The miniature creation of America's most famous skyline, carved by Japanese artist Yutaka Sone, had art enthusiasts at a New York City gallery awestruck.
This impressive map was exhibited between September and October, 2011 at the David Zwirner gallery in New York. Little Manhattan’s sculpture map reflect an obsessive attention to details of the artist who tried to recreate the island to scale in marble, pending more than two years after 2006 making a wood-and-foam model based on Google Earth and his own photos taken during a helicopter ride to render Manhattan with its Central Park, skyscrapers, streets, avenues, and the bridges to the east and west to scale.
It was the highlight of the exhibit when it opened, with passers-by noting the painstaking precision with which Mr Sone carved the city's every building and sloping street.
The exhibition marks Mr Sone's fifth solo showing since his first exhibition at the gallery in 1999. The exhibition also included other marble works and sculptures of trees.
Some structures from the sculpture were slightly enlarged to show their iconic details which together with the pure white marble give an industrial look to the top, while the bottom is more elegant and poetic appearing from a distance like a large, weightless feminine dress.
Contemporary artist Yutaka Sone was born in 1965 in Shizuoka, Japan.
Sone studied fine art and architecture at Tokyo Geijutsu University and currently lives and works in Los Angeles. Across a wide range of media, Sone's work revolves around a tension between realism and perfection. A conceptual framework, paired with a meticulous attention to detail, has characterized his practice since the early 1990s.
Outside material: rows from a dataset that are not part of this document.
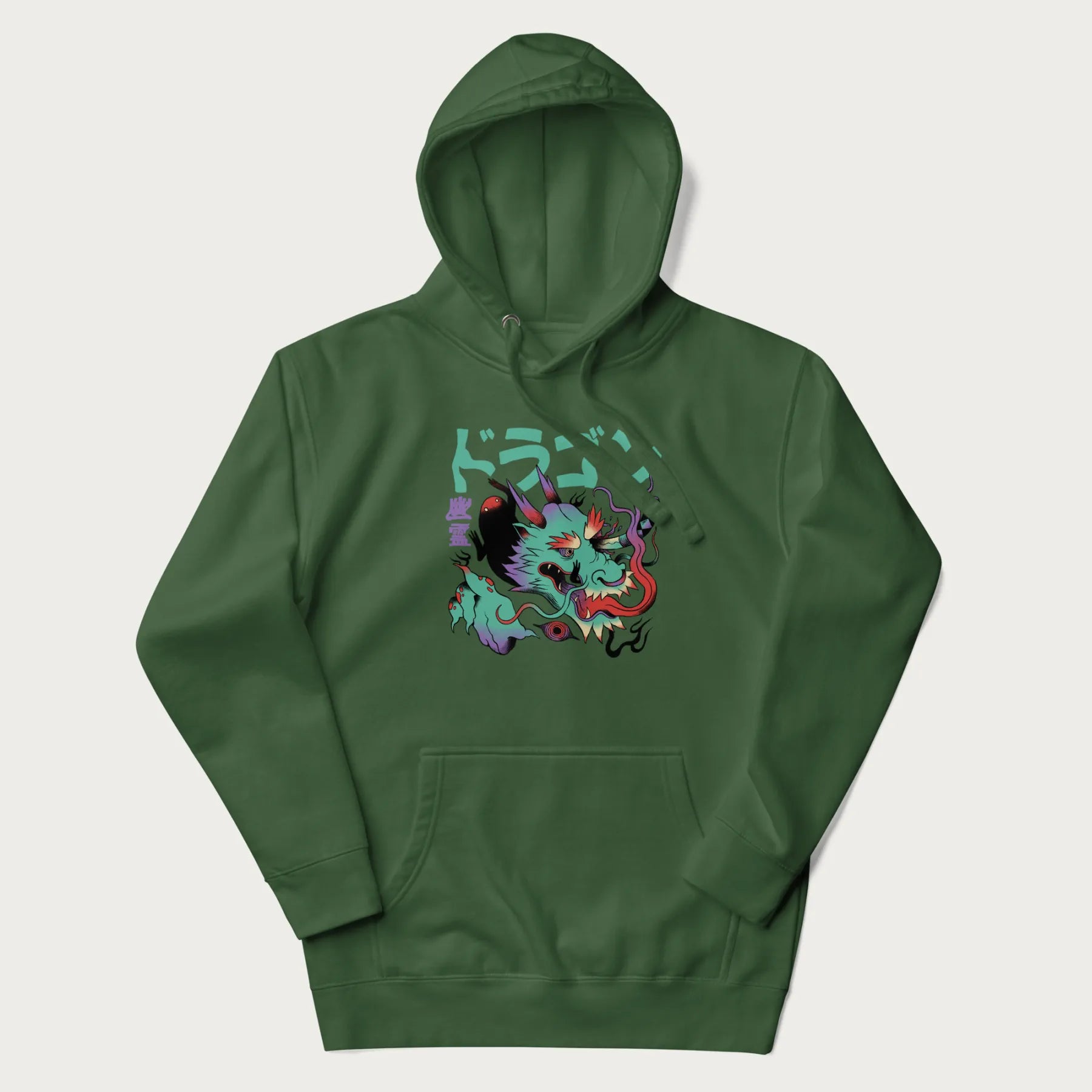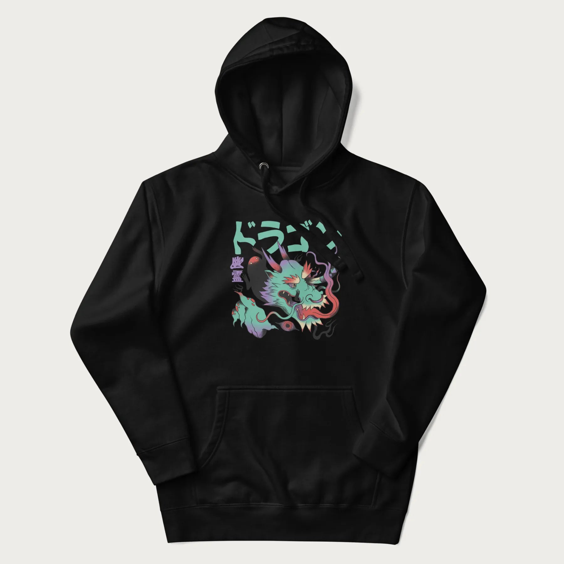 Dive into the depths of folklore and modern art with our Psychedelic Japanese Dragon Hoodie. This hoodie with Japanese text features an awe-inspiring graphic of a mythical dragon, rendered in a kaleidoscope of vibrant colors that highlight its supernatural presence. The Japanese text "ドラゴン" (meaning "Dragon") and "幽霊" (Yūrei, meaning "Ghost") enhances the aesthetic of the design. Merging traditional Japanese folklore with a psychedelic art style, this hoodie is perfect for those who appreciate bold, cultural fashion. Part of the Psychedelic Japanese Hoodie collection.
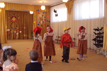В ДОУ проведён фольклорный праздник "Широкая масленица". В программе: исполнение старшими дошкольниками русских народных песен, хороводы, пляски, весёлые аттракционы. В финале праздничных гуляний - угощение детей блинами
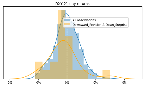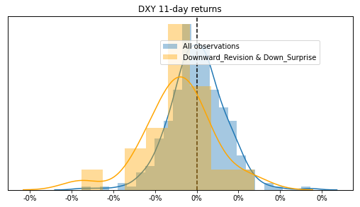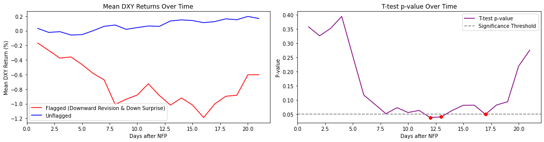 This is visually evident when examining the distribution of DXY returns over the 11-day and 21-day horizons following the flagged NFP release. The data reveals a downside bias, suggesting persistent USD weakness over the period.

His sculptural works in particular attest to a profound interest in landscapes, whether natural or architectural. Work by the artist is held in prominent international museum collections, including the Art Institute of Chicago; High Museum of Art, Atlanta, Georgia; Kunsthalle Bern; Mori Art Museum, Tokyo; Museum of Contemporary Art, Los Angeles; Museum of Contemporary Art, Tokyo; The Museum of Modern Art, New York; Tate Gallery, London; and the Whitney Museum of American Art, New York. Yutaka Sone is represented by Tommy Simoens, Antwerp.